# Ex Partner Stood Shocked In Front Of Me



## Help Me Choose (Mar 4, 2014)

Hi.Everyone. Anyone who has seen my post yesterday regarding my STBXP will find this a laugh.
I know she is going to leave me in a day or so because i over heard her telling her friend that she was telling me this weekend she was leaving me ( been living together still despite her cooling things in November). She still has not told me yet so probably will tomorrow.
Anyway. She made a nice tea tonight for us and moaned all way through while we were eating it.
So after the tea she put the kettle on to make a cup of tea so i said could i have a cup as well.She said maybe i could make her one for a change as she cooked tea Shes forgeting that i make the tea and coffee 60% of the time.
So, i go into my office in the next room and for the last few weeks she has made me a cup and i have had to fetch it from the kitchen as she has simply gone to her bedroom.
Anyway, she brings it in to me and with a face like furious thunder says why should she make and bring me a cup of tea.
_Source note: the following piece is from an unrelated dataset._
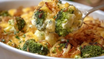 • Casserole de Brocoli au Fromage Crémeux et aux Oignons Français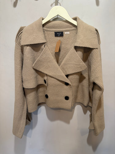 Tan Knit Cropped Trench Jacket

As i know she is now 100% going to leave me i just thought to heck with her and instead of saying thank you I said "because i asked you to". 
She looked at me as if i had gone mad and could not say anything, she was speechless with a puzzled furious look on her face.
As she was walking out of my office i said shut the door behind you and the vampire paused and opened it fully, went through and left it wide open behind her, so i had to shut it myself.
Even though she has split us up i laughed my head off...


----------